The \(cars\) dataset has 50 rows and 2 columns. Each row is an observation that relates to a reading between car speed and the distance it takes for a car to stop. The columns in the dataset are “speed”" and “dist”.
library(ggplot2)
Warning: package 'ggplot2' was built under R version 3.3.2
library(dplyr)
summary(cars)
speed dist
Min. : 4.0 Min. : 2.00
1st Qu.:12.0 1st Qu.: 26.00
Median :15.0 Median : 36.00
Mean :15.4 Mean : 42.98
3rd Qu.:19.0 3rd Qu.: 56.00
Max. :25.0 Max. :120.00
colnames(cars)
[1] "speed" "dist"
ncol(cars)
[1] 2
nrow(cars)
[1] 50
print(cars)
speed dist
1 4 2
2 4 10
3 7 4
4 7 22
5 8 16
6 9 10
7 10 18
8 10 26
9 10 34
10 11 17
11 11 28
12 12 14
13 12 20
14 12 24
15 12 28
16 13 26
17 13 34
18 13 34
19 13 46
20 14 26
21 14 36
22 14 60
23 14 80
24 15 20
25 15 26
26 15 54
27 16 32
28 16 40
29 17 32
30 17 40
31 17 50
32 18 42
33 18 56
34 18 76
35 18 84
36 19 36
37 19 46
38 19 68
39 20 32
40 20 48
41 20 52
42 20 56
43 20 64
44 22 66
45 23 54
46 24 70
47 24 92
48 24 93
49 24 120
50 25 85
cars_speed_df = arrange(cars, speed)
ggplot(data=cars_speed_df, aes(cars_speed_df$speed)) +
geom_histogram(aes(fill = ..count..)) +
scale_fill_gradient("Count", low = "green", high = "brown") +
labs(title = "Historgram - Speed") +
labs(x = "speed") +
labs(y = "Count")
cars_dist_df = arrange(cars, dist)
ggplot(data=cars_dist_df, aes(cars_dist_df$dist)) +
geom_histogram(aes(fill = ..count..)) +
scale_fill_gradient("Count", low = "blue", high = "purple") +
labs(title = "Historgram - Distance") +
labs(x = "dist") +
labs(y = "Count")
In this section we will create a linear regression model and calculate the correlation between the data to see if there is a relationship between speed and distance.

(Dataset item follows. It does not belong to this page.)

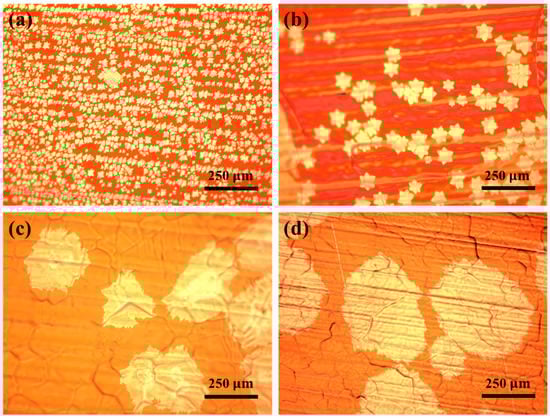The single-crystal graphene grown on the inner surfaces of copper pockets in the low-pressure environment presents a fractal structure resembling a snowflake []. Figure 1 shows the optical micrographs of single-crystal graphene grown at different growth pressures. Figure 1a–d are optical micrographs of single-crystal graphene grown at 3, 150, 300, and 450 Pa under 200-times magnification observation, respectively. It is shown that the size of single-crystal graphene increases and the nucleation density of graphene decreases with the increase in the growth pressure.

findCorrelation <- function() {
x = cars$speed
y = cars$dist
corr = round(cor(x, y),4)
print (paste0("Correlation = ",corr))
return (corr)
}
c = findCorrelation()
[1] "Correlation = 0.8069"
findStatsFunction <- function() {
m = lm (cars$dist ~ cars$speed, data = cars)
s = summary(m)
print(s)
slp = round(m$coefficients[2], 4)
int = round(m$coefficients[1], 4)
return (m)
}
m = findStatsFunction()
Call:
lm(formula = cars$dist ~ cars$speed, data = cars)
Residuals:
Min 1Q Median 3Q Max
-29.069 -9.525 -2.272 9.215 43.201
Coefficients:
Estimate Std. Error t value Pr(>|t|)
(Intercept) -17.5791 6.7584 -2.601 0.0123 *
cars$speed 3.9324 0.4155 9.464 1.49e-12 ***
---
Signif. codes: 0 '***' 0.001 '**' 0.01 '*' 0.05 '.' 0.1 ' ' 1
Residual standard error: 15.38 on 48 degrees of freedom
Multiple R-squared: 0.6511, Adjusted R-squared: 0.6438
F-statistic: 89.57 on 1 and 48 DF, p-value: 1.49e-12
\[ \hat{dist} = -17.5791 + 3.9324 * speed \]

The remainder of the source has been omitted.